JAG1 gene mutations are mainly associated with the development of RVOTO, which is a spectrum of diseases associated with the pulmonary valve, branches of the pulmonary artery, and the RV[16]. Thus, stenosis at some level of the pulmonary tree and TOF are the most common causes of cardiac murmur in ALGS patients. However, a number of other types of cardiac murmur have been discovered in ALGS patients. This indicates that JAG1 mutations have a multifaceted impact on cardiac development. TAPVC has not been reported in ALGS patients in any article; however, Sanchez-Lara et al[14] reported three ALGS patients at the 2006 ASHG Annual Meeting[14]. Therefore, at least five ALGS patients and three mutation sites have been found to be associated with TAPVC. We suspect that JAG1 is closely associated with TAPVC.

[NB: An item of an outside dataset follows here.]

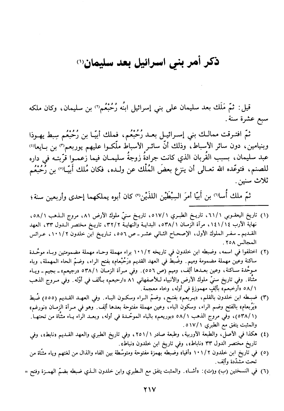 قِيلَ ثُمَّ مَلَكَ بَعْدَ سُلَيْمَانَ عَلَى بَنِي إِسْرَائِيلَ ابْنُهُ رُحُبْعُمُ بْنُ سُلَيْمَانَ وَكَانَ مُلْكُهُ سَبْعَ عَشْرَةَ سَنَةً، ثُمَّ افْتَرَقَتْ مَمَالِكُ بَنِي إِسْرَائِيلَ بَعْدَ رُحُبْعُمَ، فَمَلَكَ أَبِيَّا بْنُ رُحُبْعُمَ سِبْطَ يَهُوذَا وَبِنْيَامِينَ دُونَ سَائِرِ الْأَسْبَاطِ، وَذَلِكَ أَنَّ سَائِرَ الْأَسْبَاطِ مَلَّكُوا عَلَيْهِمْ يُورَبْعَمَ بْنَ بَايِعَا عَبْدَ سُلَيْمَانَ بِسَبَبِ الْقُرْبَانِ الَّذِي كَانَتْ جَرَادَةُ زَوْجَةُ سُلَيْمَانَ فِيمَا زَعَمُوا قَرَّبَتْهُ فِي دَارِهِ لِلصَّنَمِ، فَتَوَعَّدَهُ اللَّهُ تَعَالَى أَنْ يَنْزِعَ بَعْضَ الْمُلْكِ عَنْ وَلَدِهِ، فَكَانَ مُلْكُ أَبِيَّا بْنِ رُحُبْعُمَ ثَلَاثَ سِنِينَ، ثُمَّ مَلَكَ أُسَّا بْنُ أَبِيَّا أَمْرَ السِّبْطَيْنِ اللَّذَيْنِ كَانَ أَبُوهُ يَمْلِكُهُمَا إِحْدَى وَأَرْبَعِينَ سَنَةً،

Biliary stricture is the main feature in most ALGS patients, and unusual structures can cause cholestatic liver disease. The dysfunctional liver often leads to an increase in serum total cholesterol and triglycerides. Thus, hypercholesterolemia is attributable to cholestasis and may finally lead to severe xanthomas[23]. Although some medicines have been reported to improve liver function in ALGS patients, the only way to resolve the problem is liver transplantation.

CONCLUSION

Bile duct paucity is the main characteristic feature in most cases of ALGS. Here, we report a more fatal and rarer feature, TAPVC, which requires surgical correction at an early age. We also report the unusual finding of severe xanthomas. These findings suggest that JAG1 gene may be a pathogenic gene of TAPVC. Further research should be carried out to prove this hypothesis.